FEDERAL LABOR RELATIONS AUTHORITY

WASHINGTON, D.C.

AMERICAN FEDERATION OF GOVERNMENT EMPLOYEES

LOCAL 2022

(Union)

and

U.S. DEPARTMENT OF THE ARMY

FORT CAMPBELL, KENTUCKY

(Agency)

0-AR-2213

DECISION

May 13, 1992

Before Chairman McKee and Members Talkin and Armendariz.

I. Statement of the Case

This matter is before the Authority on an exception to an award of Arbitrator Linda S. Byars filed by the Union under section 7122(a) of the Federal Service Labor-Management Relations Statute (the Statute) and part 2425 of the Authority's Rules and Regulations. The Agency filed an opposition to the Union's exception.

The Arbitrator determined that the grievance was untimely filed under the parties' collective bargaining agreement and dismissed the grievance. For the following reasons, we conclude that the Union's exception provides no basis for finding the award deficient. Accordingly, we will deny the exception.

II. Background and Arbitrator's Award

The grievant is a Helicopter Flight Simulation Training Instructor (instructor). In April 1990, the grievant and other instructors were informed by the Agency that funds they had received for overtime work on weekends would no longer be available. However, because there was a continuing need for instructors to work on weekends, the Agency met with the instructors and the Union "to discuss the alternatives available for meeting the weekend training schedule without using overtime funds." Award at 2. After discussing several alternatives, the parties agreed to implement a compressed workweek upon the expiration of an agreement that the Agency had with a contractor. In the meantime, until the compressed workweek could be implemented the parties agreed to give the instructors "the option of volunteering for compensatory time off." Id.

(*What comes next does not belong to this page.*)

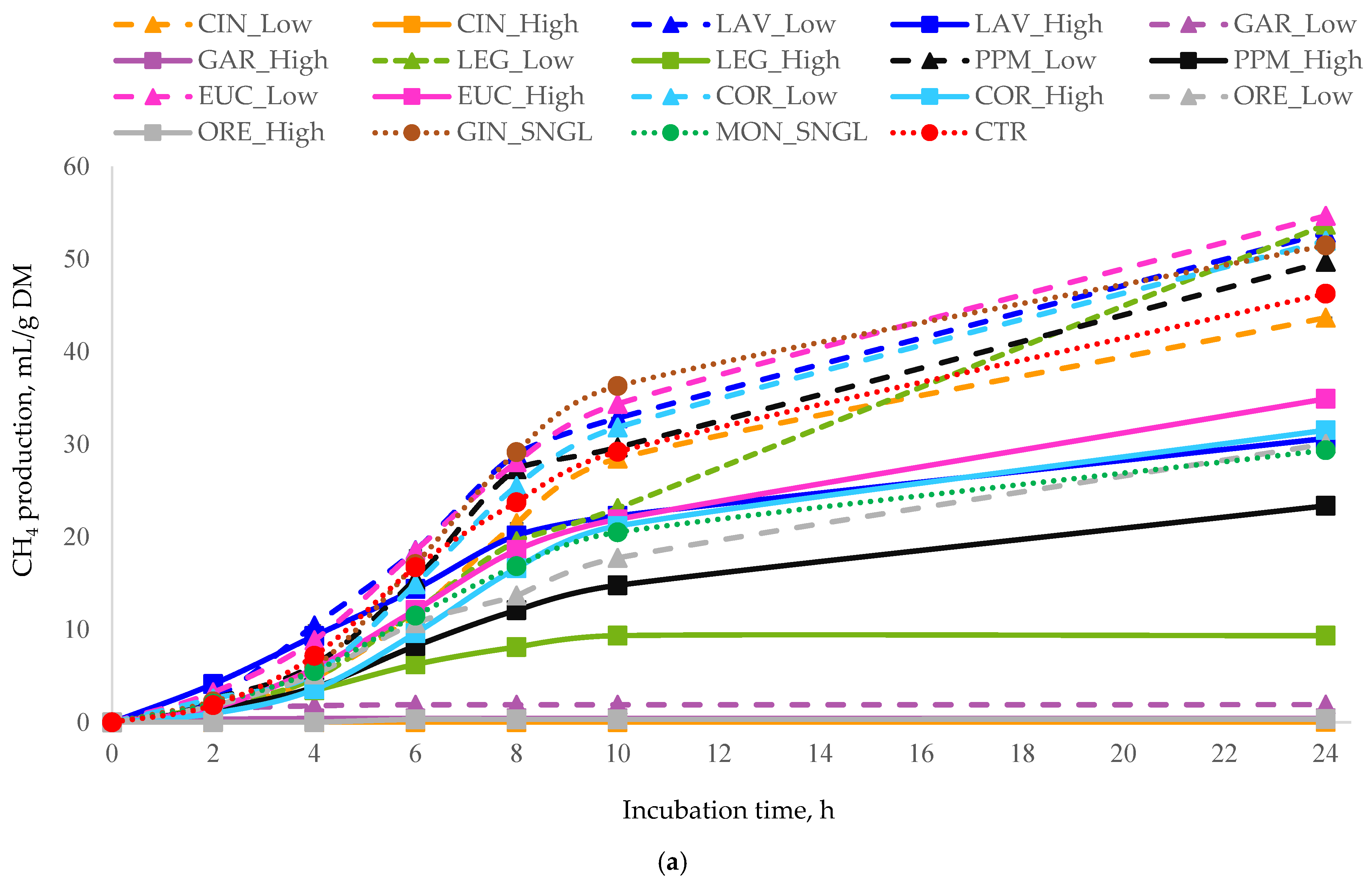 - Pawar, M.M.; Kamra, D.N.; Agarwal, N.; Chaudhary, L.C. Effects of Essential Oils on In Vitro Methanogenesis and Feed Fermentation with Buffalo Rumen Liquor. Agric. Res. 2014, 3, 67–74. [Google Scholar] [CrossRef]

From April 23, 1990 to July 9, 1990, the grievant signed five written statements volunteering for compensatory time in lieu of overtime payment for 72 hours of overtime that he worked. The statements provided that the compensatory time would be taken "'within thirteen (13) pay periods following the pay period in which this overtime was worked.'" Id. (quoting Agency's Exhibit No. 1). On July 26, 1990, the Agency informed the grievant that his accumulated hours of compensatory time must be taken within thirteen pay periods. The Agency requested that the grievant submit a schedule by August 3, 1990, for use of the compensatory time. The grievant did not respond to the Agency's request. On August 3, 1990, the Agency informed the grievant that it had established a schedule for the grievant's use of the accumulated compensatory time.

On August 4, 1990, the grievant filed a grievance alleging that "'Regular Scheduled Overtime Work has been misinterpreted as Irregular or Occasional Overtime Work.'" Id. at 4 (quoting Joint Exhibit No. 2 at 1; emphasis omitted). As a remedy, the grievance requested that the grievant be compensated at the overtime rate for unused compensatory time and at one-half times his regular rate for the hours that the grievant was off work on compensatory time.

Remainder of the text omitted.